# Is catback worth it



## blk00ss (Jul 14, 2012)

should be getting my 2005 GTO in another week or so. Would like more sound out of it. I'd love more performance as well, but is a catback worth the money from a power perspective? I ask because I'm now leaning towards just an axle back system. If no performance gains from catback I'll probably go with the 2nd consideration. And yes, I know HP #'s aren't much to begin with from a catback, but I'm curious of real world #'s versus just going the axle back route.


----------



## svede1212 (Nov 1, 2005)

Next to nothing on a stockish car. The stock system isn't "restrictive". The chant which should be in bold words at the top of the page are "spend about the same amount on LTs and you'll gain power (20-30 RWHP after tune) and gain sound". The only real gain on a catback would be from the X pipe but you can add that to your stock pipes if you want that.


----------



## danfigg (Sep 27, 2009)

*re*

all you would gain from an axle back is weight saving. The stock mufflers are a through style muffler but weigh a ton. I would be willing to bet if a long tube, cat back exhaust and the stock mufflers are dyno'ed, im sure the numbers would not be much different from any number of brand muffler that are available for the GTO. ------danfigg


----------



## jpalamar (Jul 22, 2008)

You could have an exhaust shop weld in different mufflers to change the sound and make it a tad louder.
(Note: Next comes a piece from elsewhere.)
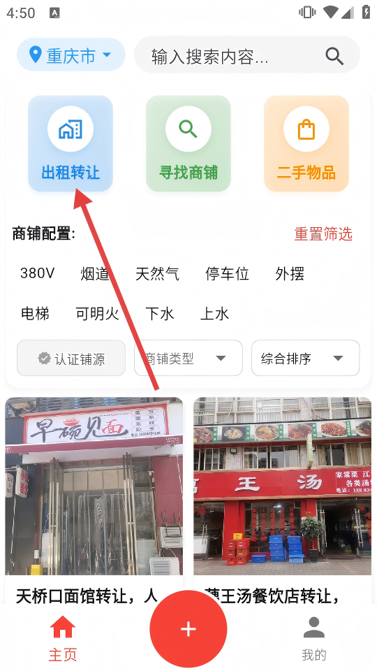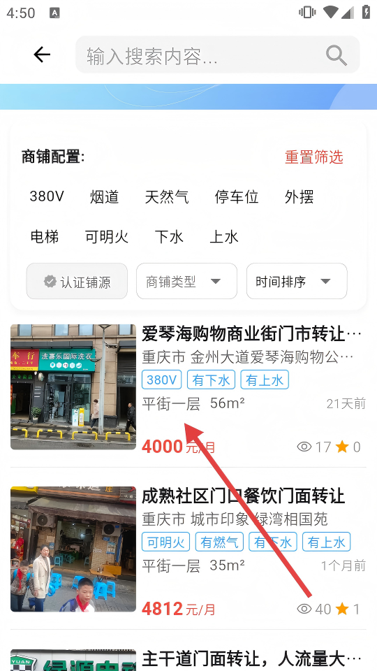 3、在出租转让页面,利用【380V】【烟道】等商铺配置筛选,找到符合需求的商铺,点击进入详情页。
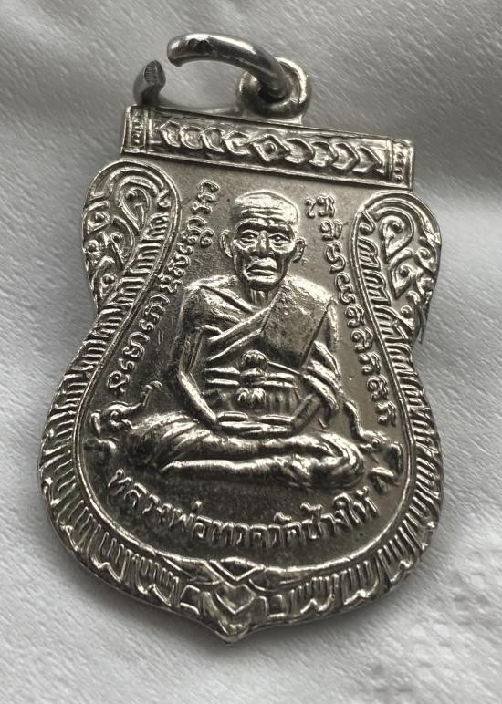 เหรียญเสมาหน้าเลื่อน หลวงปู่ทวด หลังพระนอน แจกปีนัง เนื้ออัลปาก้าชุบนิเกิล ปี 2508 |

If you want power, long tubes are the way to go.


----------



## blk00ss (Jul 14, 2012)

Thanks guys. Yeah, I'm aware of the gains when doing LT's. What I should have asked was how restrictive is the stock exhaust setup and is catback necessary to achieve a good sound and maybe a bit of performance. I'll be honest, this car may get driven once a week. I've done LT's 3 different times on F Bodies. It sucked, and it sounds like doing them on a GTO is even worse, and not sure I'm up for tackling that upgrade unless of course I can find a good shop locally that can do it, but they all seem to have gone away. We'll see


----------



## blk00ss (Jul 14, 2012)

Doing just mufflers is a possibility I am considering. Again, based on what I have heard, the flow master hush power seems to have a nice sound. It appears those mufflers are a straight through type design which would obviously flow better I'm guessing than a 40 series with internal baffles. Anyone have any experience with this setup or know anyone who has? Do they sound good in person? And again, I'm not a big flowmaster fan, but everything I have listened to keeps me coming back to them simply for the sound I am looking for.


----------